In contrast, many individuals in the control group remained in the contemplation stage (Stage 2) throughout the observation period, recognizing the need for behavioral change but not progressing toward concrete action. This stagnation aligns with previous findings that age-related declines in motivation and physical capacity can impede the transition from intention to action.38) Moreover, behavioral change is unlikely to occur without targeted support.41) Prolonged inactivity contributes to cognitive decline and deterioration in activities of daily living (ADL) among older adults. In Japan, many older people experienced substantial reductions in daily activity due to prolonged stay-at-home recommendations during the coronavirus disease 2019 (COVID-19) pandemic.42) Previous studies reported elevated levels of anxiety among residents during the COVID-19 pandemic.43) This may have significantly increased older adults’ tendency to stay indoors, potentially leading to reduced physical activity. The timing of this program coincided with these social circumstances, which may further explain the observed stagnation in behavioral readiness in the control group. Although the distributional shift in TTM stages appeared modest, the ordinal logistic regression showed higher odds of being in advanced TTM stages among program participants. These findings suggest that even short-term, municipality-led interventions may support early behavioral shifts in older adults. This interpretation is consistent with evidence that even small increases in physical activity yield health benefits in sedentary older adults.5) Guidelines also emphasize that reducing sedentary time and incorporating activity of any intensity contributes to better health in later life.44)
Several key program components may have contributed to the observed behavioral shift: self-monitoring through step-count visualization, immediate feedback mechanisms, and social connectedness within the community. The ability to monitor one’s step count likely promotes self-awareness and self-regulation, which have been associated with enhanced self-efficacy in older adults.
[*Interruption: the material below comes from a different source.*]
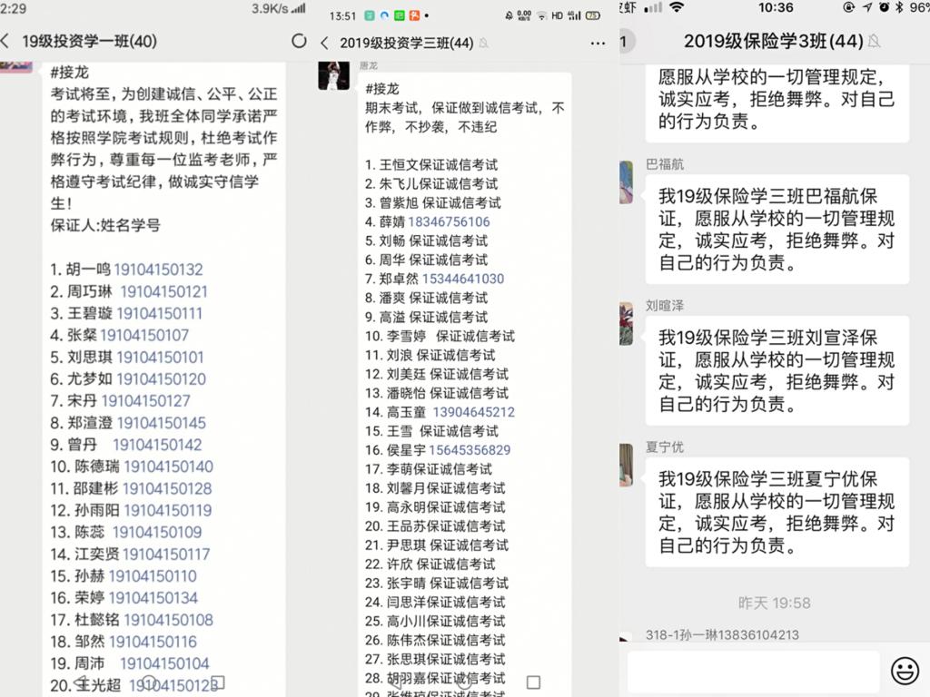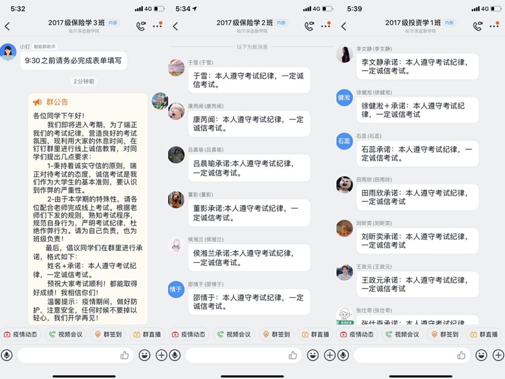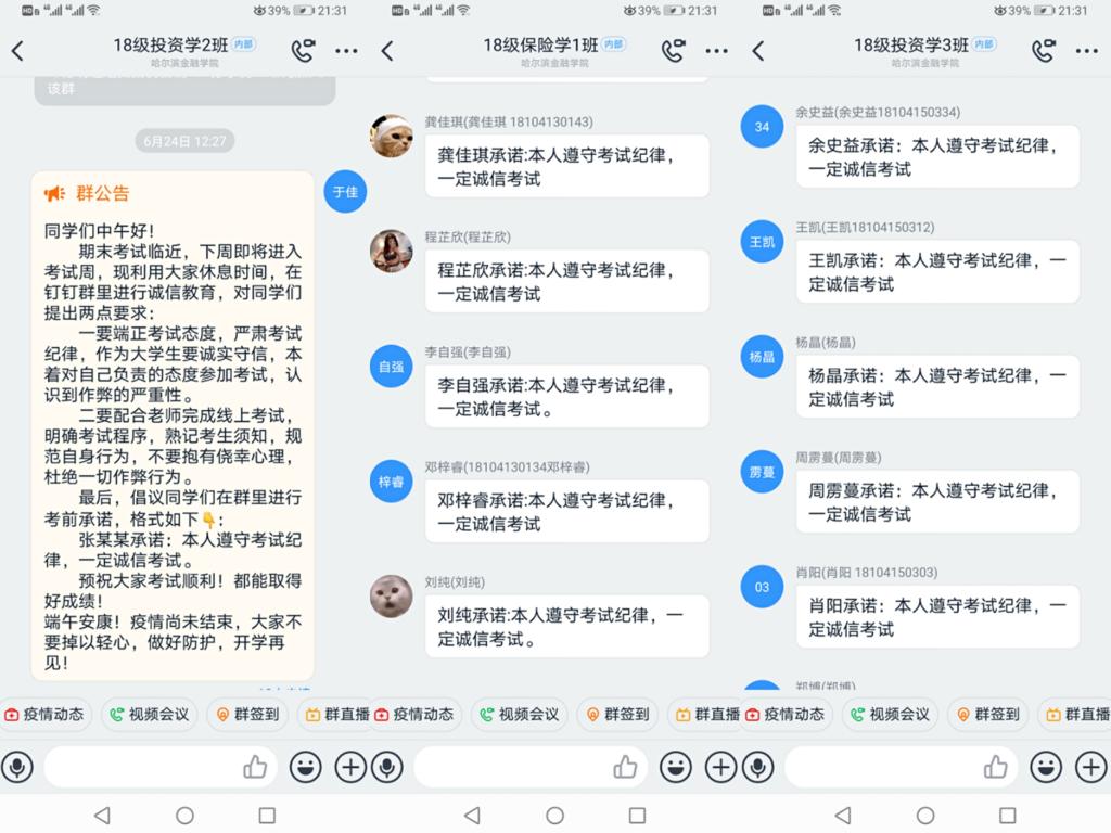 为加强学风建设,端正学生考试态度,形成良好诚信之风,6月22至24日,我系组织开展了期末考前诚信教育活动,三个年级近730名学生参加。各年级辅导员通过钉钉和微信平台进行了线上诚信教育。活动中,辅导员强调,要认真备考,诚信考试,诚实做人,严格自律,杜绝作弊行为,明确线上考试程序,熟记考生须知,要积极配合老师完成线上考试。随后发出倡议,同学们在线上进行了考前本人诚信考试承诺。最后,辅导员对学生给予鼓励,预祝大家取得好成绩。通过此次线上活动,使学生充分认识到诚信考试的重要意义,帮助学生增强自信,进一步加强了学生思想教育引导,有利于我系形成良好学风。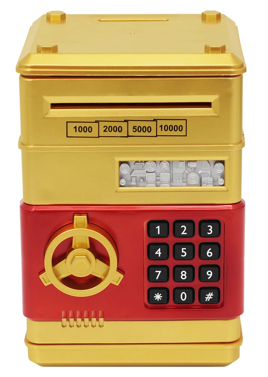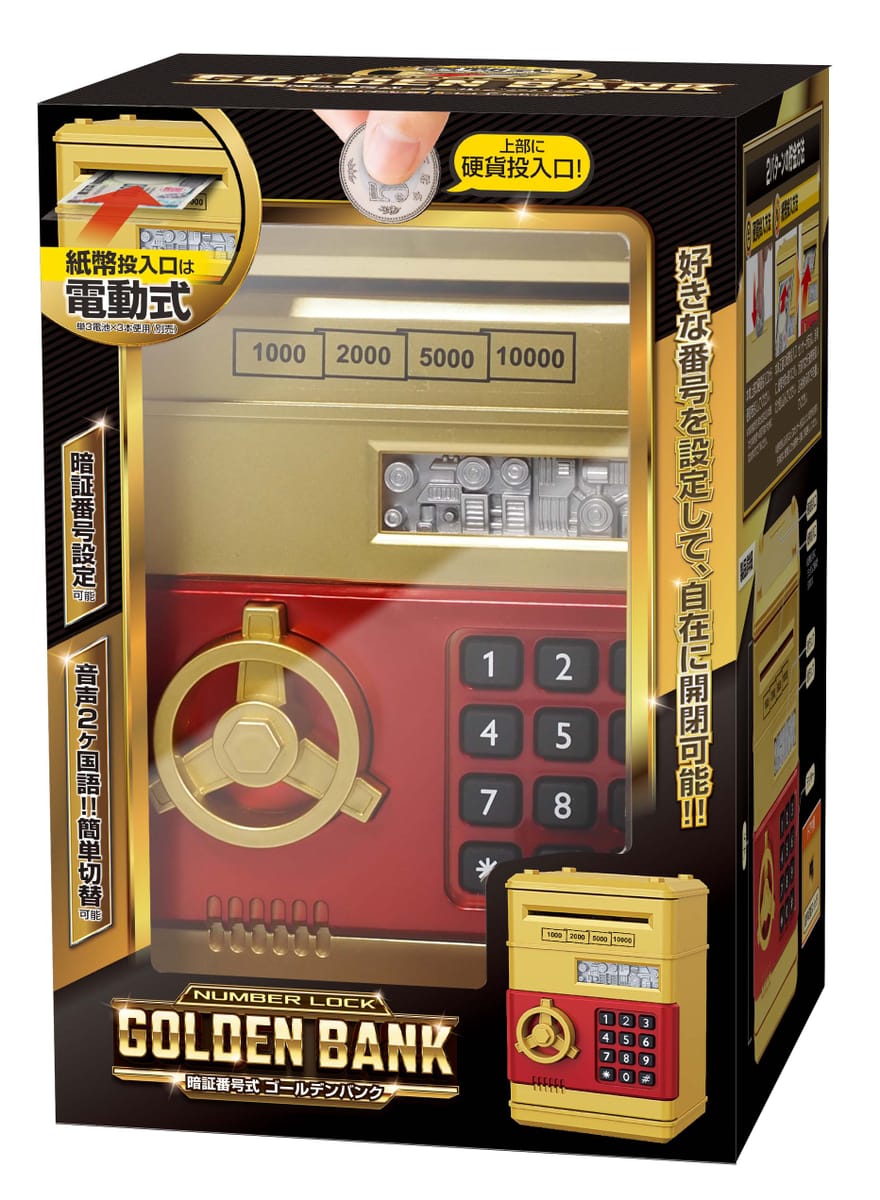 硬貨と紙幣が投入可能で、紙幣投入口は電動式の貯金箱です。

Previous intervention studies have reported that sending regular short message service reminders to older adults engaged in exercise programs improves attitudes toward physical activity and promotes participation.44) Similarly, feedback such as verbal encouragement from municipal staff and incentive-based rewards (e.g., coupons linked to step counts) may have served as positive reinforcement, thereby enhancing motivation for continued engagement.45) Additionally, shared participation among residents may have fostered a sense of social connectedness, mitigating feelings of isolation and promoting sustained adherence to the program. Given that limited access to exercise facilities and social isolation are well-documented barriers to physical activity in this population, the program’s accessible, community-based approach may have helped overcome these obstacles.24,25) These elements likely worked synergistically to support participants’ progression from contemplation and preparation to action, underscoring the potential of short-term, low-cost interventions to stimulate early behavioral changes among older adults.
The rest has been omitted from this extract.